Dan Bernstein brnstnd at kramden.acf.nyu.edu
Tue May 14 01:01:28 AEST 1991


In article <19262 at rpp386.cactus.org> jfh at rpp386.cactus.org (John F Haugh II) writes:
> None of that is "an assurance" that I have a clean port.  What does
> the system do to "assure" the application that the pty port is clean?
> What can the application do to gain some assurance that the pty port
> server it is talking to is really the right thing to be talking to?

I don't understand this. Why should the application need such assurance?
It's just an unprivileged program.
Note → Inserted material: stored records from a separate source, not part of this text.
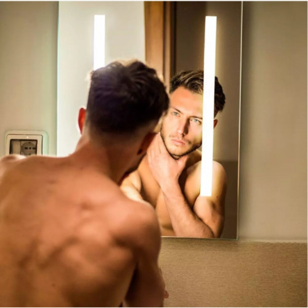Tükör LED világítással , négyzet , 50 x 39 cm , 17W , párásodásmentes , hideg fehér , IP44
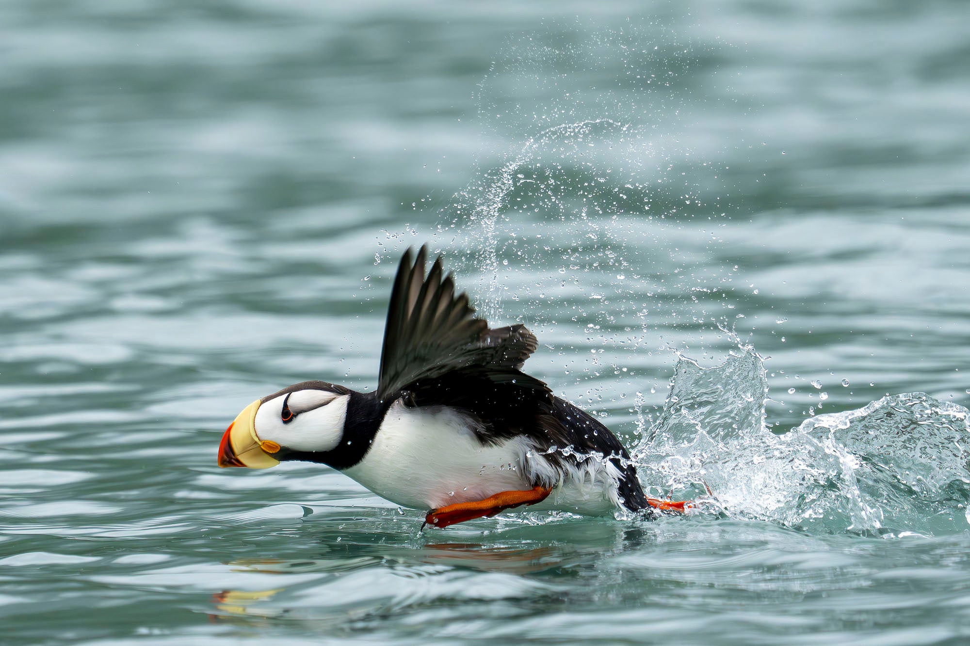 “Estaba en un barco y pasamos junto a unos frailecillos. Nunca había fotografiado frailecillos antes, así que esta era la primera vez que lo hacía. Además, la forma en que casi corría por el agua me pareció más interesante y es divertido verlos en la computadora porque tienen mucha personalidad”.
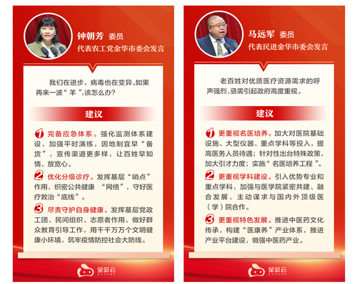 市政协委员钟朝芳代表农工党市委会作题为《疫情防控新阶段如何守护健康》的大会发言,建议完备应急体系,强化监测体系建设,加强平时演练,因地制宜早“备货”;优化分级诊疗,发挥基层“哨点”作用,织密公共健康“网络”,守好医疗救治“底线”;尽责守护自身健康,发挥基层党政工团、民间组织、志愿者作用,做好群众教育引导工作,筑牢疫情防控社会大防线。她还建议创建“金华市传统文化亲子教室”,为浙江共同富裕示范区建设打造鲜活的实践样本。
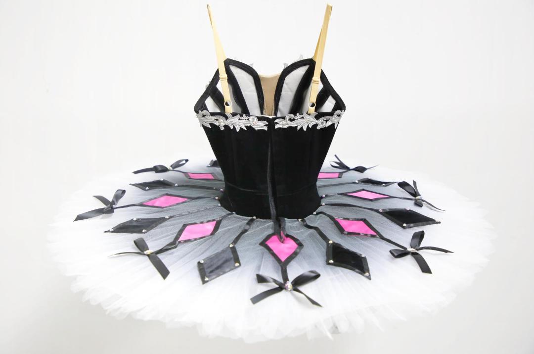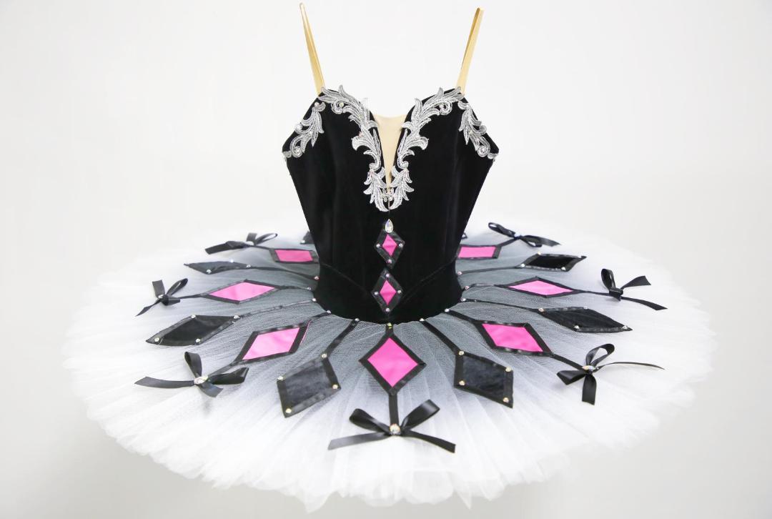 Der professionelle, zehnlagige Tutu-Rock ist weiß, mit grauen Ombre-Tönen im oberen Teil. Der Rock weist außerdem ein typisches Harlekin-ähnliches Motiv mit leuchtend rosa und schwarzen geometrischen Applikationen auf. Die Ränder des Tutus sind mit schwarzen Schleifen und Glitzer verziert.
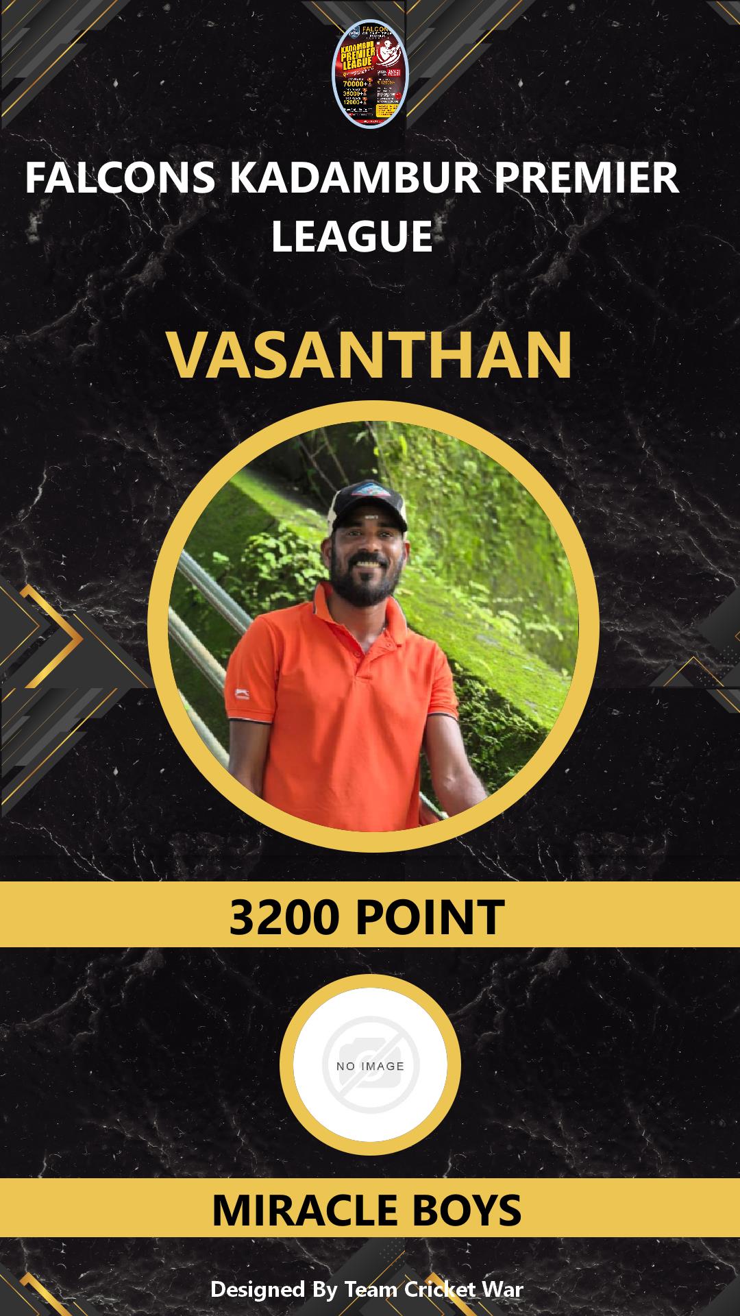 BATSMAN, AGE : 0 SKP Bid Amount : 100 Team : VAYANKAVU CRICKET CLUB Download ID Card VIEW PROFILE |
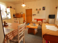V objektu v přízemí: chodba, společenská místnost (TV, WIFI, kachlová kamna, sedací souprava – 2x lůžko, jídelní stůl, židle, rádio, DVD přehrávač, 1x přistýlka), kuchyně (elektrický vařič, 2x lednice, mrazák, horkovzdušná trouba, varná konvice, toustovač, pračka), 1/2+1 ložnice (dvoulůžko + přistýlka).
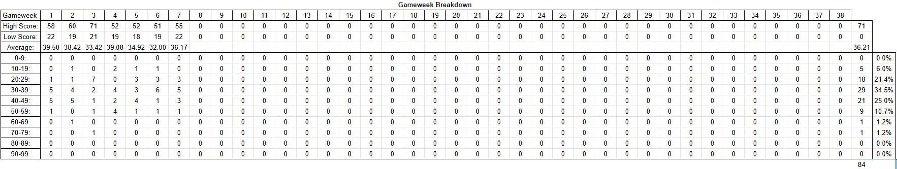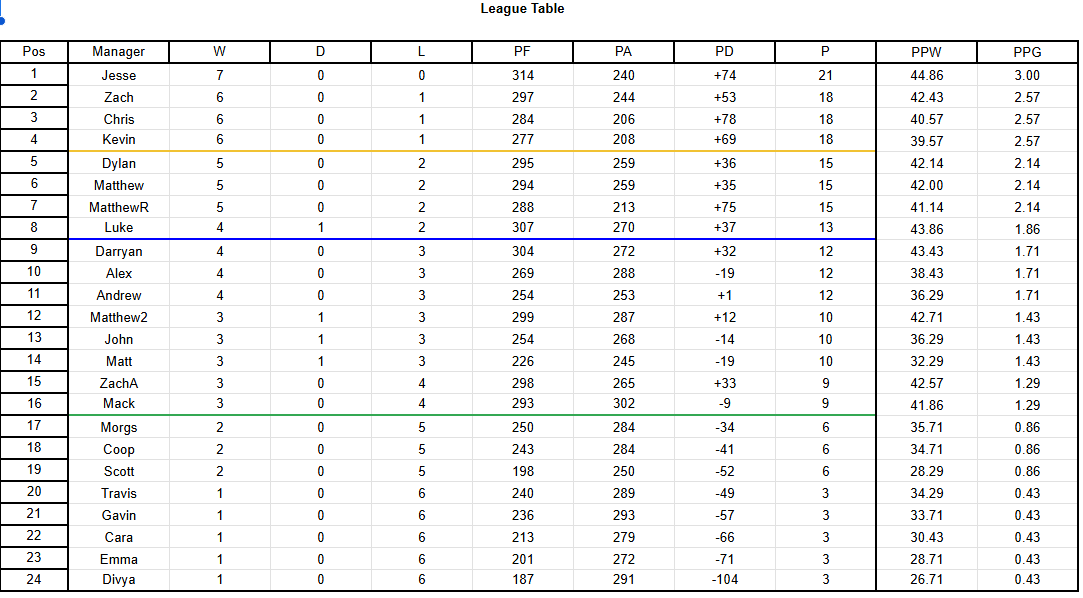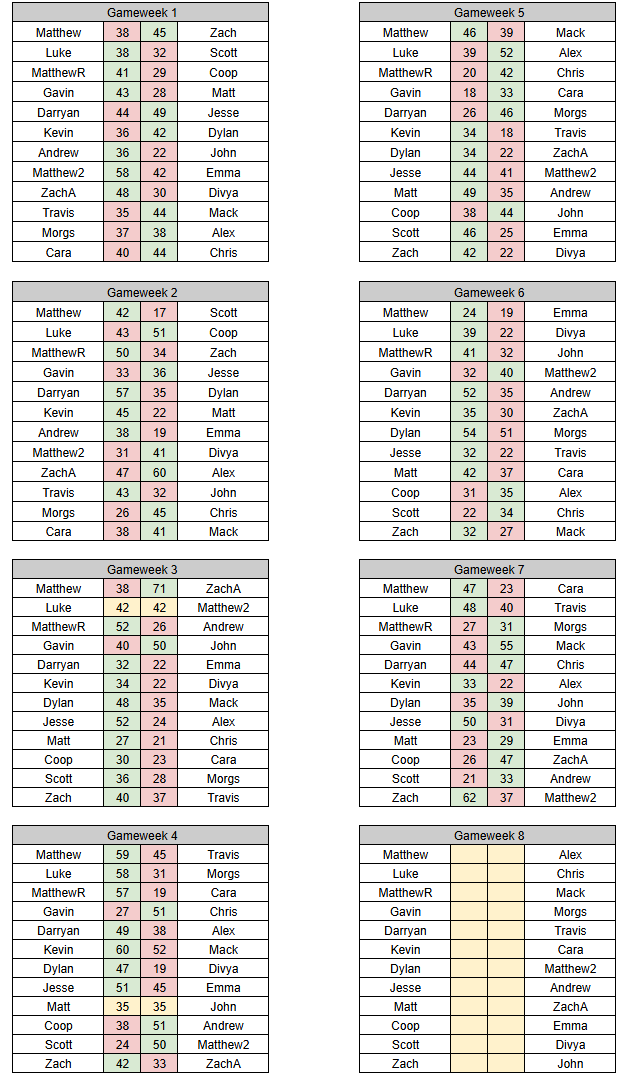 Welcome to gameweek 8 of The League(tm) group stage! We are now in the final gameweek, so after this week we will have to say goodbye to 8 of our closest friends. Anyway, some highlights from this week's slate of games include Chris's narrow 47-44 victory over Darryan, Morgs's 31-27 upset over MatthewR, John taking a big 3 points in a 39-35 win against Dylan, and Luke picking up an important high scoring win 48-40 against Travis. Full results are as follows:
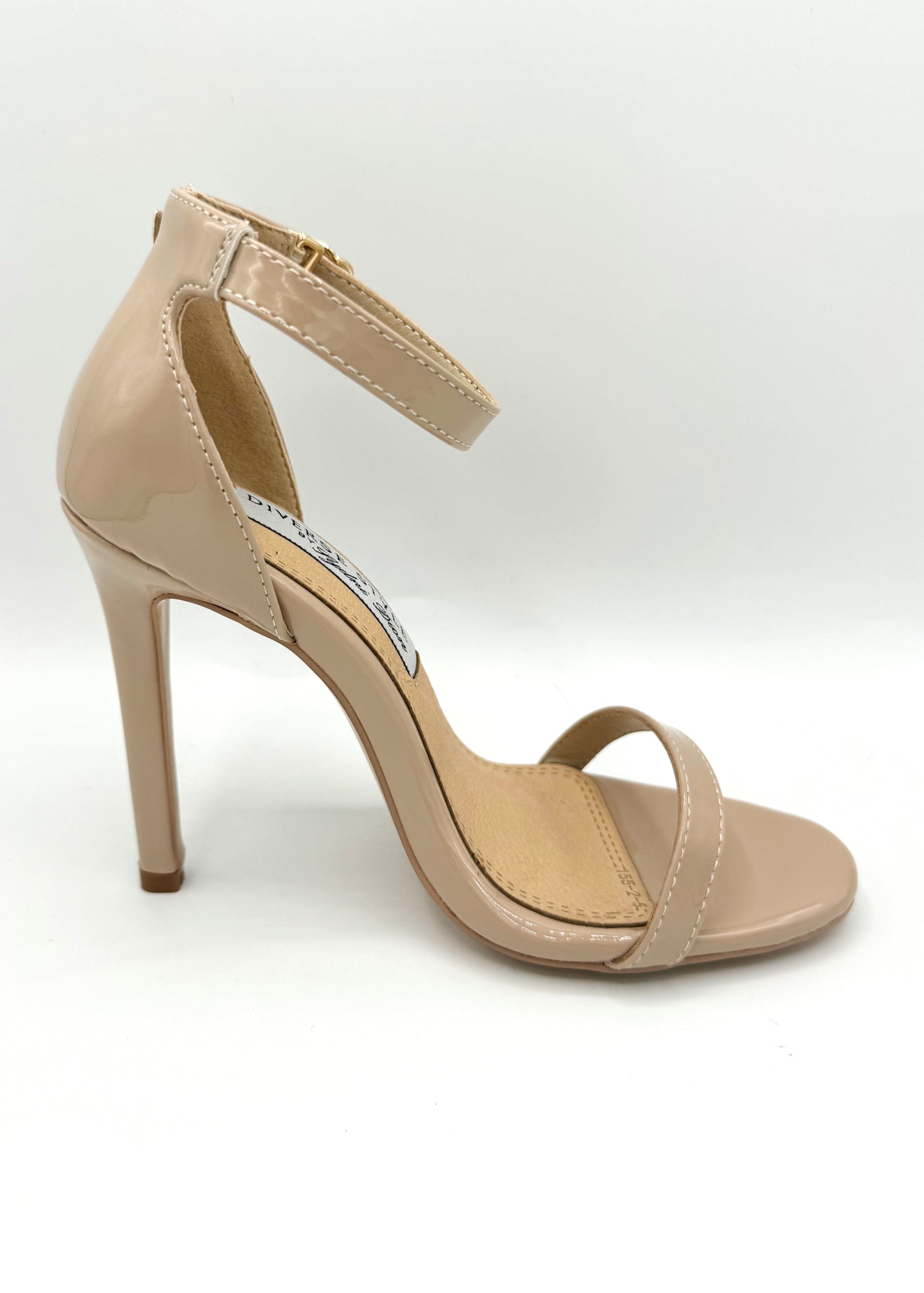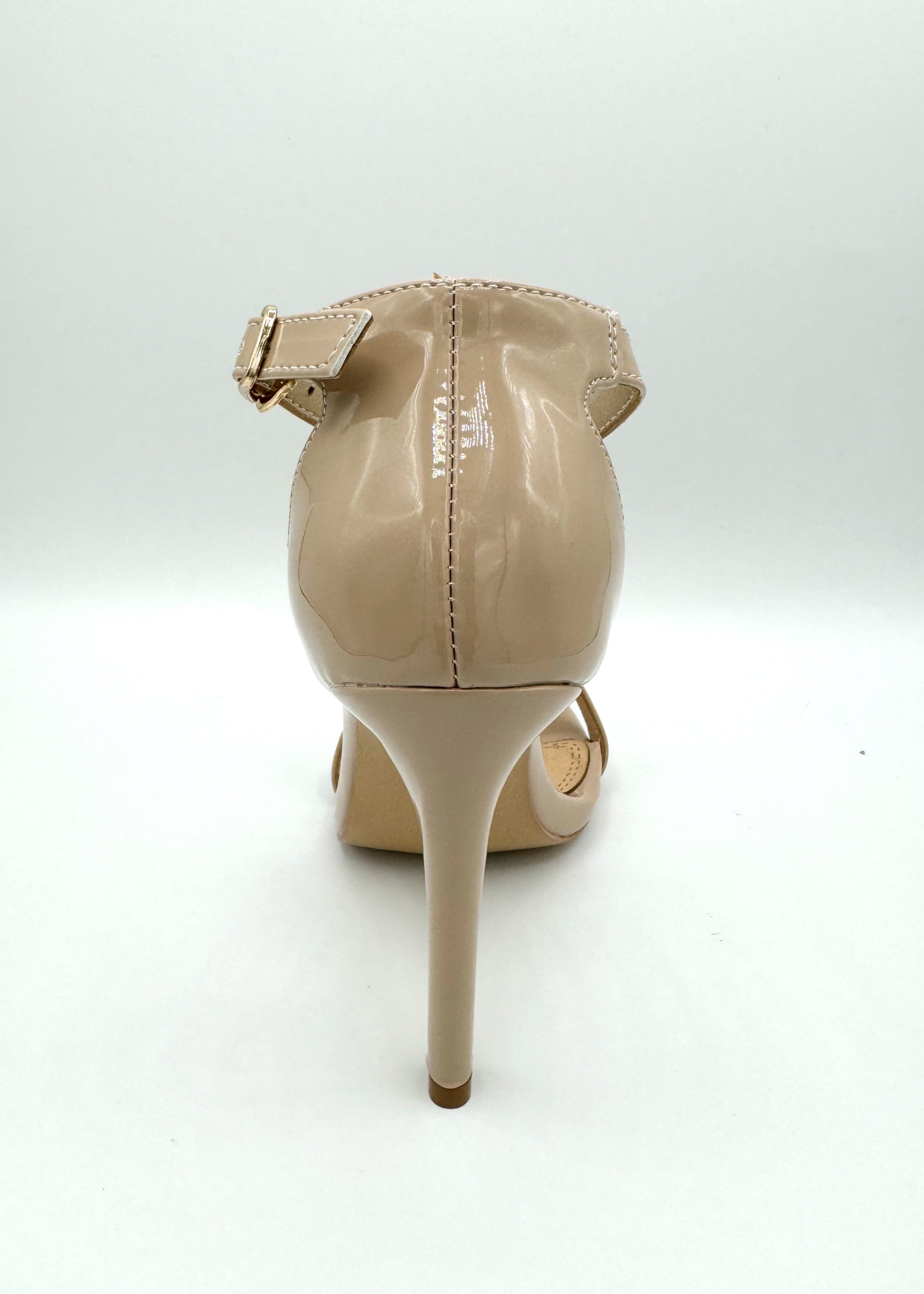 Light nude genuine patent leather, matches light skin tones, 4 inch heel - True to size Looks great with elegant long or cocktail style dresses and also professional enough to go with business or interview styles.

Are you saying that whenever someone
forks ls, it's ls's job to make sure that it's talking to the ``right
thing'' (whatever that is) before it runs? How is it supposed to behave
differently if it's not talking to the ``right thing''?

If the system supports normal UNIX security, my changes guarantee that
when a user starts a program through telnet or rlogin or script or
whatever, no other program initially has access to the same tty. It's
not the program's job to make such checks, just as it's not the job of
each new process to check at user level that it has a unique pid.

> What you do is to defer the
> issue for another level - nothing has prevented me from setting up
> my trojan horse on the pty side and walking away.

Every new telnet or rlogin or script will skip that pty, so who cares?
In the meantime the session will be accounted to you.

> You'll also
> find the business with the <BREAK> key is pretty costly when you
> start getting framing errors on your modem ports and your users
> get logged out.

So use a different secure attention key. The point is that if getty is
the only program with a hardwired tty open, then there's no way for user
programs to mangle that tty except as getty allows.